Problem description: An exact copy of the data is required. No picture may appear in it.

Supplied information:
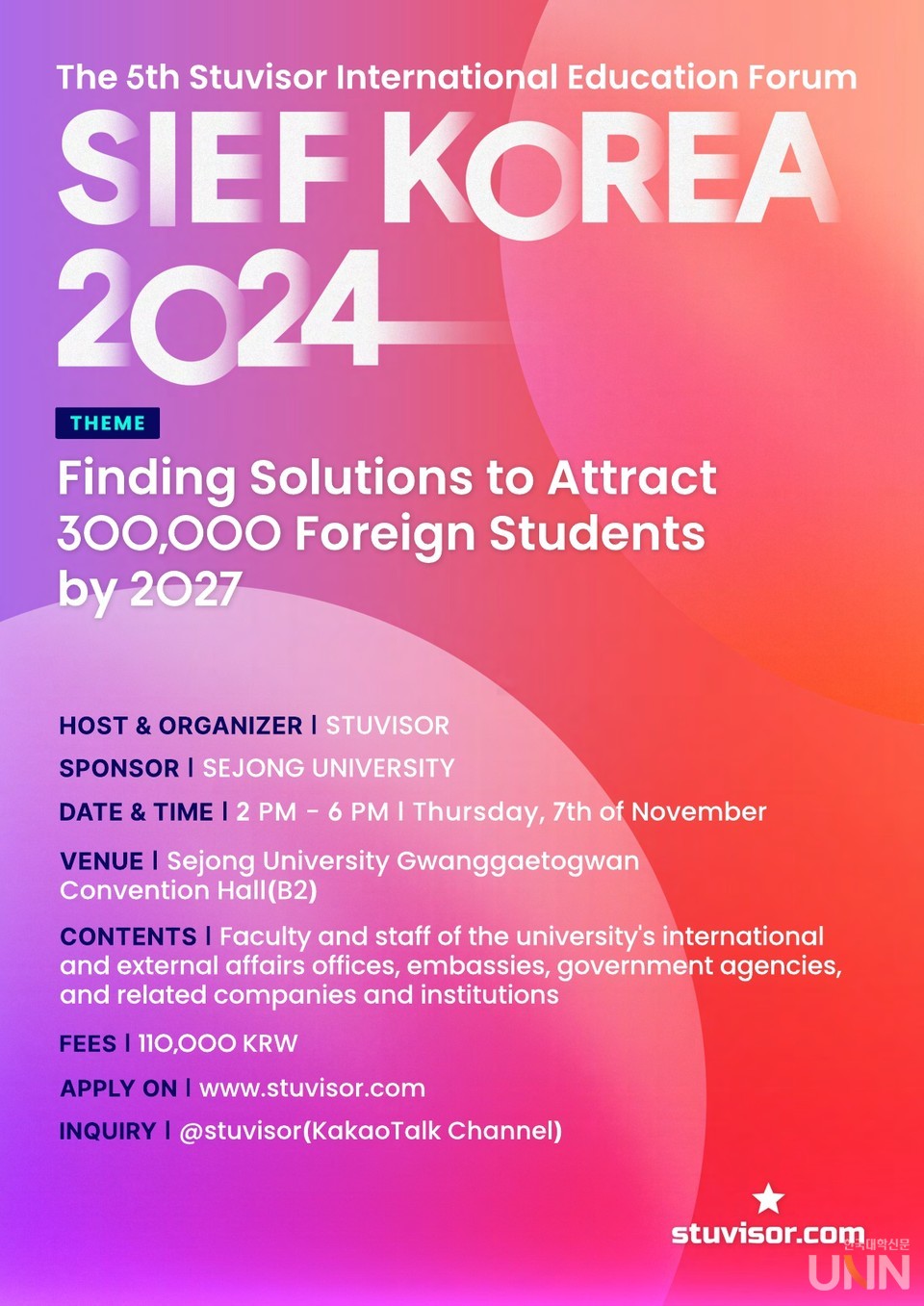 세종대가 공식 후원하는 제5회 스튜바이저 국제교육포럼에는 전국 대학 국제처, 대외처, 국제교육원, 한국어교육원, 대사관 등 관련 기관 및 기업의 전문가들이 참석할 예정이다. 세종대의 초청을 받은 참가자는 스튜바이저 공식 홈페이지를 통해 무료로 등록할 수 있다.
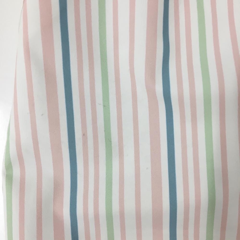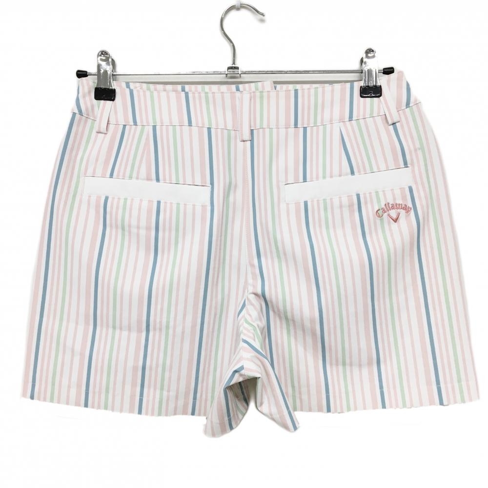 【美品】キャロウェイ ショートパンツ 白×ライトピンク ストライプ ロゴ刺しゅう レディース M ゴルフウェア Callaway
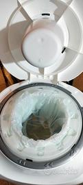 contenitore per pannolino con sistema brevettato anti odore della Sangenic con una ricarica di buste inclusa e un prodotto ideale per famiglie con bambini che usano il pannolino il prodotto e usato ma come Nuovo

Solution for this problem:
 세종대가 공식 후원하는 제5회 스튜바이저 국제교육포럼에는 전국 대학 국제처, 대외처, 국제교육원, 한국어교육원, 대사관 등 관련 기관 및 기업의 전문가들이 참석할 예정이다. 세종대의 초청을 받은 참가자는 스튜바이저 공식 홈페이지를 통해 무료로 등록할 수 있다.
 【美品】キャロウェイ ショートパンツ 白×ライトピンク ストライプ ロゴ刺しゅう レディース M ゴルフウェア Callaway
 contenitore per pannolino con sistema brevettato anti odore della Sangenic con una ricarica di buste inclusa e un prodotto ideale per famiglie con bambini che usano il pannolino il prodotto e usato ma come Nuovo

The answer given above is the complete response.